Test of being a rational number for $(1-\frac13+\frac15-\frac17+\cdots)/(1+\frac14+\frac19+\frac1{16}+\cdots)$
The numerator is the Leibniz/Gregory series, which sums to $\frac\pi4$. The denominator is the subject of the famous Basel problem, which Euler worked out as $\frac{\pi^2}6$. If we use these results in the fraction: $$F=\frac{\frac\pi4}{\frac{\pi^2}6}=\frac{3}{2\pi}$$ which is an irrational number because there remains a $\pi$ in it.
My thoughts: Sum and product of two rational numbers is a rational number.
Difference of two rational numbers is a rational number.
Division of two rational numbers should also be a rational number. (Denominator is not zero)
These only apply to finite number of operands.
It is easy to see that they don't apply in the infinite case. Consider for example any $x \in [0, 1)$. Then
$$ x = \sum_{k = 1}^{\infty} \frac{n_k}{10^k} $$
where $n_k$ is the $k^{th}$ decimal digit of $x$. So any $x \in [0,1)$ can be expressed as a (possibly infinite) sum of rationals, but of course not every $x \in [0,1)$ is a rational.

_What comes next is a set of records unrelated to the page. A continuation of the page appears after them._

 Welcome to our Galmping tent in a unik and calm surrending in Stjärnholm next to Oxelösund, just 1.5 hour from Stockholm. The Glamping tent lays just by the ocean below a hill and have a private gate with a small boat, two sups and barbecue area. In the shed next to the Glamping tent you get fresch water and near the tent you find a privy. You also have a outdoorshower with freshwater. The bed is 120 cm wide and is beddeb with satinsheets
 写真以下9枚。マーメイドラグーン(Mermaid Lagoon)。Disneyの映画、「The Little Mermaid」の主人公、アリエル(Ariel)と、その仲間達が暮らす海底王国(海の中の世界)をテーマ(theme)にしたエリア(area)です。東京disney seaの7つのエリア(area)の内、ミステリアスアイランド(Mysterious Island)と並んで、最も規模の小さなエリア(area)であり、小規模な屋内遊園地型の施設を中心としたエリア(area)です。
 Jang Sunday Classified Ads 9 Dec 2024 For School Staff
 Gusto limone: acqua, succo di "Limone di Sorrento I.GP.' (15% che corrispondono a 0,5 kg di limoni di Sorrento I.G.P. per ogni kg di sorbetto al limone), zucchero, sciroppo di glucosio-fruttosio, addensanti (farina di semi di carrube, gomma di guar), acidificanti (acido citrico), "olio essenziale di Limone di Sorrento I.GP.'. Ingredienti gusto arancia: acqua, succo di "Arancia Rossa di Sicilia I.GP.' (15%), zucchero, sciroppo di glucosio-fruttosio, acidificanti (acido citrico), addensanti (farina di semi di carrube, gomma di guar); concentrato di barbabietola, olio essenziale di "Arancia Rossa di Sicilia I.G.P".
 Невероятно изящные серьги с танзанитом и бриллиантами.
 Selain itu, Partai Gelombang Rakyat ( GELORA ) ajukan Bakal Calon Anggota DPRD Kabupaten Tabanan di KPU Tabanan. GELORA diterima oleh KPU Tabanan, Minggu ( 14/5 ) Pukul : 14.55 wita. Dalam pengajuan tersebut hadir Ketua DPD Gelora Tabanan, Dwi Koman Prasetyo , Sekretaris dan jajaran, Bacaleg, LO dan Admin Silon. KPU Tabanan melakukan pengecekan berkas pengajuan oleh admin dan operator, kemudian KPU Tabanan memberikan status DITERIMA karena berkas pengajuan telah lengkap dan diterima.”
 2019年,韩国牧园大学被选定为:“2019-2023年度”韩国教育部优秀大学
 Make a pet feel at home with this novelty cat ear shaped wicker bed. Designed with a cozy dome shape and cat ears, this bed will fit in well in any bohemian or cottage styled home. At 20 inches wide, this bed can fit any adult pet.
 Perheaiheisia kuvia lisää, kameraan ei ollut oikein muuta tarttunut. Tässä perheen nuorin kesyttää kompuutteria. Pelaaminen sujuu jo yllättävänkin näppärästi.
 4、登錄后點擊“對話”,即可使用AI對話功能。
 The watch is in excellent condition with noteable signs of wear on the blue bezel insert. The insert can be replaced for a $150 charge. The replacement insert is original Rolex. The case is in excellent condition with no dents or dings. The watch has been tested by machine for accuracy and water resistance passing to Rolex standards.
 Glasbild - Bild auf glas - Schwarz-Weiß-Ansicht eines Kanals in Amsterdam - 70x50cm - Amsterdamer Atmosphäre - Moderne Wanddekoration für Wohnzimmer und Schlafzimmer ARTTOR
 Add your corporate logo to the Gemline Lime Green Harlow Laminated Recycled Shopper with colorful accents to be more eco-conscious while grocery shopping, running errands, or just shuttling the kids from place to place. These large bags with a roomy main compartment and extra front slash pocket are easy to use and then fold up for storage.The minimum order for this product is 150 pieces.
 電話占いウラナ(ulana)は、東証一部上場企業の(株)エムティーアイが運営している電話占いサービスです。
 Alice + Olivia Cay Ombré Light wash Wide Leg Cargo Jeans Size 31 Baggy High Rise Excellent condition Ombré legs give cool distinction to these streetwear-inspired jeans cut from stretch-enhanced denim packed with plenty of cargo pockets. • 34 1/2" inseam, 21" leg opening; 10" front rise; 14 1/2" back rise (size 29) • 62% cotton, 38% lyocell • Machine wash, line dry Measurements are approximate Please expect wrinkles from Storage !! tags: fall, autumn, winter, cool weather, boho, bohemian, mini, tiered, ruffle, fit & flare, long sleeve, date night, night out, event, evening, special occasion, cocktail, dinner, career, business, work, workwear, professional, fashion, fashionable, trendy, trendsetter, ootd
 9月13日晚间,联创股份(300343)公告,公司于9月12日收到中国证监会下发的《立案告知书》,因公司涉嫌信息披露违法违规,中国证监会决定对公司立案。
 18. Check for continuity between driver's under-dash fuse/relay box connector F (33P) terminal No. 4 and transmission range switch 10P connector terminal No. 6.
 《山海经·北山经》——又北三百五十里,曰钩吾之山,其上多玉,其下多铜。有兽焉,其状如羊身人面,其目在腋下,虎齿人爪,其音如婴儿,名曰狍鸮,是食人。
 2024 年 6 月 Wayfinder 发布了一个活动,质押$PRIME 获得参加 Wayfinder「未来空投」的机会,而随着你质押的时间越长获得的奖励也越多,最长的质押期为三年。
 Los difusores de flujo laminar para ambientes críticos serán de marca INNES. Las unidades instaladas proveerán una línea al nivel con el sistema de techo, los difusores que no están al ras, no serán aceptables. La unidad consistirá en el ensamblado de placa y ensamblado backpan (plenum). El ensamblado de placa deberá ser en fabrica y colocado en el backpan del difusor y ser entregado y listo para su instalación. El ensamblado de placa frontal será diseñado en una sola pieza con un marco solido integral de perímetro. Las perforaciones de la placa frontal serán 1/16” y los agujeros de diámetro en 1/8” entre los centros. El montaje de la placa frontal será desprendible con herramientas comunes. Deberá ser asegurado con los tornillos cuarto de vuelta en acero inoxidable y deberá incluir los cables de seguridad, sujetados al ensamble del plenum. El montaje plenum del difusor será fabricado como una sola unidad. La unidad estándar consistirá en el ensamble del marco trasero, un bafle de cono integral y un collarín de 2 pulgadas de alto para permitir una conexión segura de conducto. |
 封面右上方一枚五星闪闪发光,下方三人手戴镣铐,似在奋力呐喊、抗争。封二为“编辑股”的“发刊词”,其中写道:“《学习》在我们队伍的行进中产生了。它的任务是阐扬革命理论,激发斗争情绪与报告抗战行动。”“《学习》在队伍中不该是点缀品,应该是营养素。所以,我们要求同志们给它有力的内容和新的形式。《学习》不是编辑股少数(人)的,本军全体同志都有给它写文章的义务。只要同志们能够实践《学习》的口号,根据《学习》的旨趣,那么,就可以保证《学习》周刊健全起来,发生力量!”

I am going to keep this part that I had initially put forward as a hint.
$$1-\dfrac{1}{3}+\dfrac{1}{5}-\dfrac{1}{7}+\ldots=\sum_{n=1}^\infty (-1)^n\frac{1}{2n+1}=\frac{\pi}{4}$$ $$1+\dfrac{1}{4}+\dfrac{1}{9}+\dfrac{1}{16}+\ldots=\sum_{n=1}^\infty \frac{1}{n^2}=\frac{\pi^2}{6}$$
To add more to this answer, I would like to state that these are well known sequences, as already mentioned by Parcly Taxel. I would only make one point clear, sum of an infinite series of rational numbers does not always put up a rational number as the sum. The first series is just the Taylor expansion of $\arctan x$ about $x=0$ and the second one, well I remember deriving the result from the Fourier series representation of $x^2$. It can also be derived as per Euler. Always keep in mind that having an irrational number in your mathematical expression neither confirms nor nullifies the chance of your expression summing down to an irrational or rational number. It solely and only depends on the sum.